Many factors affecting mortality in patients with BDE have been described. In retrospective studies, inappropriate empirical therapy, septic shock, mechanical ventilation, neutropenia, Charlson comorbidity index ≥3, high APACHE III and SAPS II scores, parenteral nutrition, and corticosteroid administration were determined as mortality predictors.[39,40] In the Cox regression analysis for BSIs caused by vancomycin-resistant enterococci, it was reported that age, chronic kidney disease, oncological disease, and ICU admission were risk factors independently associated with 30-day mortality, and early effective treatment was associated with survival.[41] In their study, Kuo et al.[42] observed that sepsis, malignancy, age >65 years, inadequate empirical antimicrobial therapy, kidney disease, cardiovascular disease, catheter placement in the internal jugular vein, infection with fungi or resistant strains were associated with 14-day mortality.

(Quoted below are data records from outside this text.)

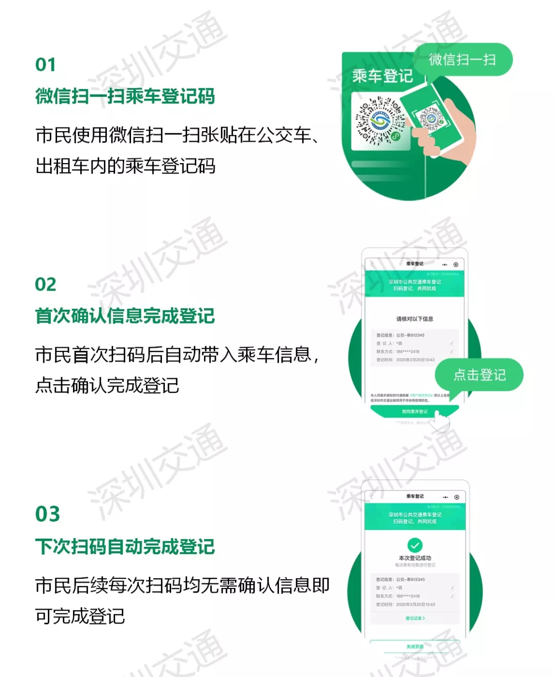 回答:深圳搭乘公交、出租車的市民請主動進行乘車登記。同時,司乘人員也需每日進行乘車登記。
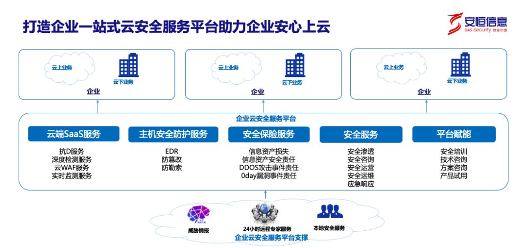 针对近年来企业常见的勒索事件,安恒信息通过云端威胁情报与EDR防御查杀相结合,形成勒索病毒预警防御一体化;对于支撑生产系统的工业云,提出了基于等保2.0的整体安全解决方案,包含整套云上安全技术服务方案和保险理赔方案。
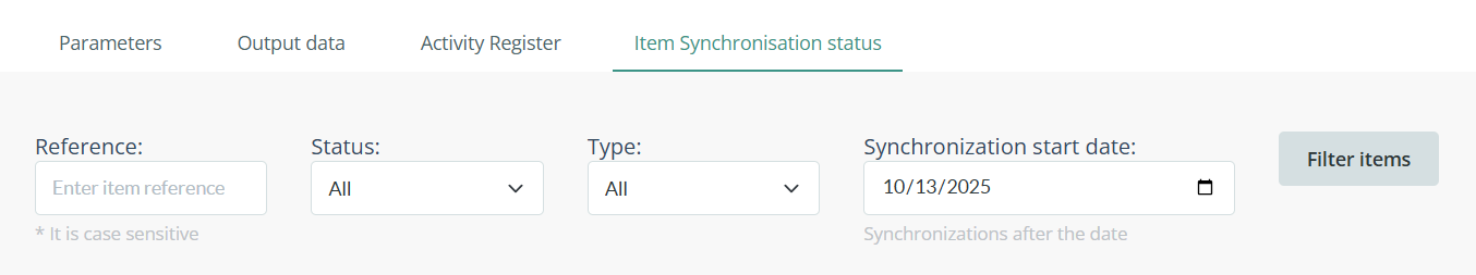 - Synchronization start date: Allows selecting the items that participated in one or more synchronizations. When selecting a date, all items that have been synchronized since that date onward will be displayed. For example, if you perform daily synchronizations and filter by a date from a week ago, you will see the information from the last seven days.
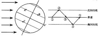 5、综合题 读太阳光照图(左图)和“太阳直射点的回归移动示意图”(右图),完成下列要求。(7分)
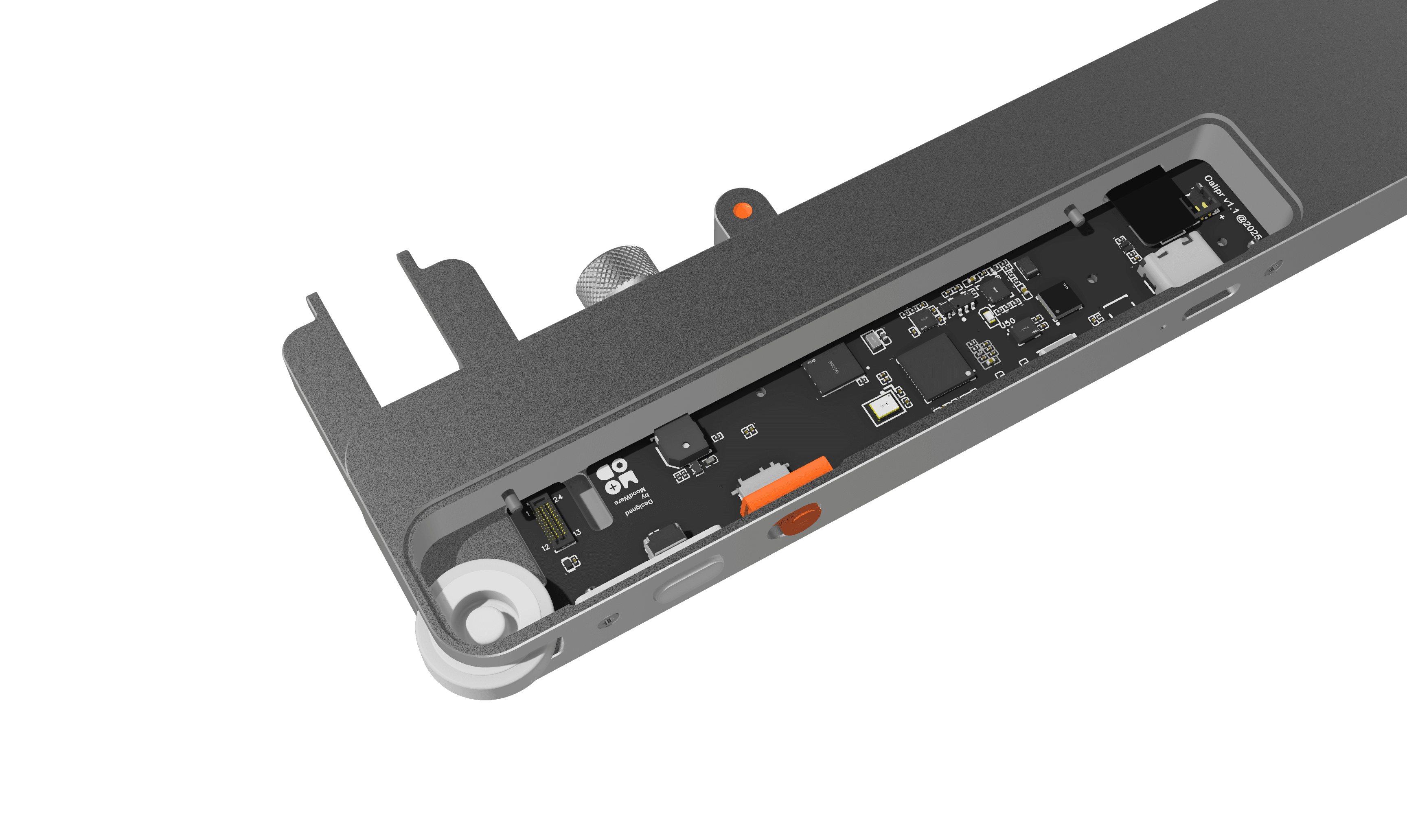 I worked with overseas contract manufacturers to build Calipr end to end, from CAD and schematics to finished parts. I released production ready files for the machined aluminum chassis and plastic components, including GD&T, tolerance stacks, surface finish and anodize specs, and DFM iterations based on fit and inspection results. In parallel, I managed PCB and flex requirements for the display and precision linear magnetic sensor.

In contrast, patients who received adequate definitive antimicrobial therapy, infected with gram-negative bacteria and admitted due to burn were more likely to survive within 14 days. In their study, Abubakar et al.[43] revealed that sepsis/septic shock, admission to the ICU, female gender, thrombocytopenia, and high creatinine levels were significantly associated with in-hospital mortality as a result of logistic regression analysis. In our study, logistic regression analysis determined sepsis, surgical wound infection, coronary artery disease, and inappropriate empirical therapy, as well as hospitalization in the past 3 months, healthcare-associated infections, urinary catheterization, and ICU stay as predictors of mortality in a 30 days. All the predictors we obtained from the study are consistent with the results of previous studies. However, there is no study in which all predictors accurately match. This situation depends on the differences in different hospitals, geographical regions, development levels, and socioeconomic status.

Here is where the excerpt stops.